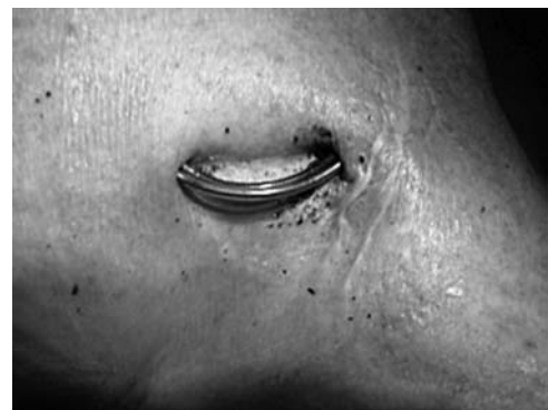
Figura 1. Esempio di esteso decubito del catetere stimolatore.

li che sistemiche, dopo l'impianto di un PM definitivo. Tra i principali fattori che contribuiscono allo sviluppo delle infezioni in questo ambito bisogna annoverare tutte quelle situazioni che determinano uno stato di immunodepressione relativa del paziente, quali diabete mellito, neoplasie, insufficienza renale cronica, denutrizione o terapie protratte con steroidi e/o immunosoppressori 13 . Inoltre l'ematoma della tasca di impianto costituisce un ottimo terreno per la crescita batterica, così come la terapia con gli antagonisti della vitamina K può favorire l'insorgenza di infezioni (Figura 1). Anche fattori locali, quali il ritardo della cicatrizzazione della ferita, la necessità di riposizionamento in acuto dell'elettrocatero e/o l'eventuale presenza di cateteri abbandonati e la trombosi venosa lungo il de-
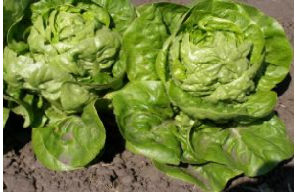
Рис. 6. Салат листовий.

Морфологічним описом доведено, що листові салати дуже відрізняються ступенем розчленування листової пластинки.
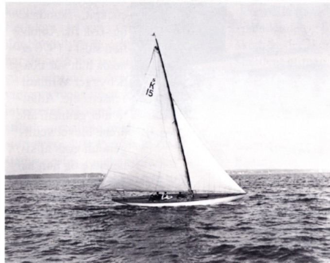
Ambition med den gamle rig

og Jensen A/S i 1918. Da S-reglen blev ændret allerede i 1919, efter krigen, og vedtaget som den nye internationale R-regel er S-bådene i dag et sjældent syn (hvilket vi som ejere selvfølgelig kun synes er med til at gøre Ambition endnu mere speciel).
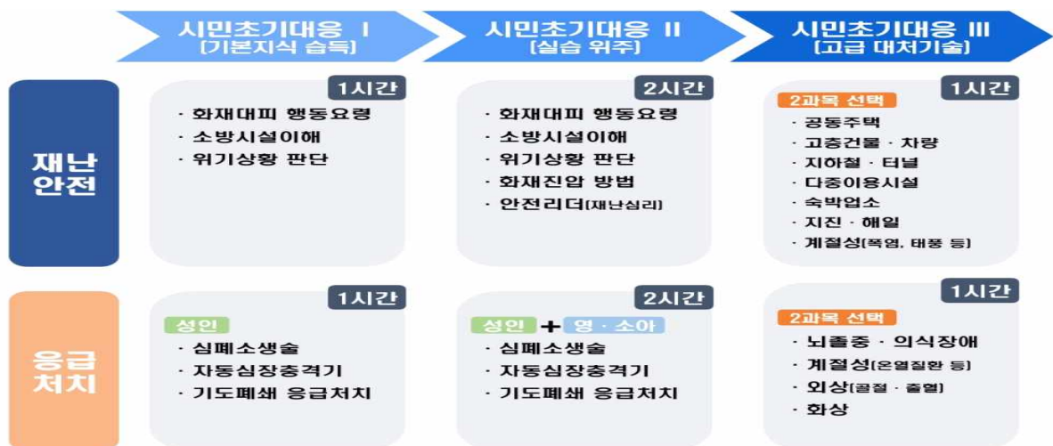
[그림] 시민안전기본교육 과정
==
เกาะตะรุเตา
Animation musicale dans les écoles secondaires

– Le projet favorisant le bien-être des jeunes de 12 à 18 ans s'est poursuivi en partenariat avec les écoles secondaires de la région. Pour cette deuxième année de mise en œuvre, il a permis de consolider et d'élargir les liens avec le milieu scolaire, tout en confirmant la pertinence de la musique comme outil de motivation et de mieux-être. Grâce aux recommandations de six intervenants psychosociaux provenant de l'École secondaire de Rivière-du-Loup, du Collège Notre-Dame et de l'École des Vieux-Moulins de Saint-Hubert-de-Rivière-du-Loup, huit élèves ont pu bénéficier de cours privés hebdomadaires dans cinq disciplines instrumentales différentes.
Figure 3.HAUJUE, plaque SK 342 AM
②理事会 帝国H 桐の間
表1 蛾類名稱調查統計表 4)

Task prompt
Above are the records; please give again, exactly and in full, only the lines that run from the line with "Ambition med den gamle rig" through the line with "[그림] 시민안전기본교육 과정", with no pictures.

Answer space
Ambition med den gamle rig

og Jensen A/S i 1918. Da S-reglen blev ændret allerede i 1919, efter krigen, og vedtaget som den nye internationale R-regel er S-bådene i dag et sjældent syn (hvilket vi som ejere selvfølgelig kun synes er med til at gøre Ambition endnu mere speciel).
[그림] 시민안전기본교육 과정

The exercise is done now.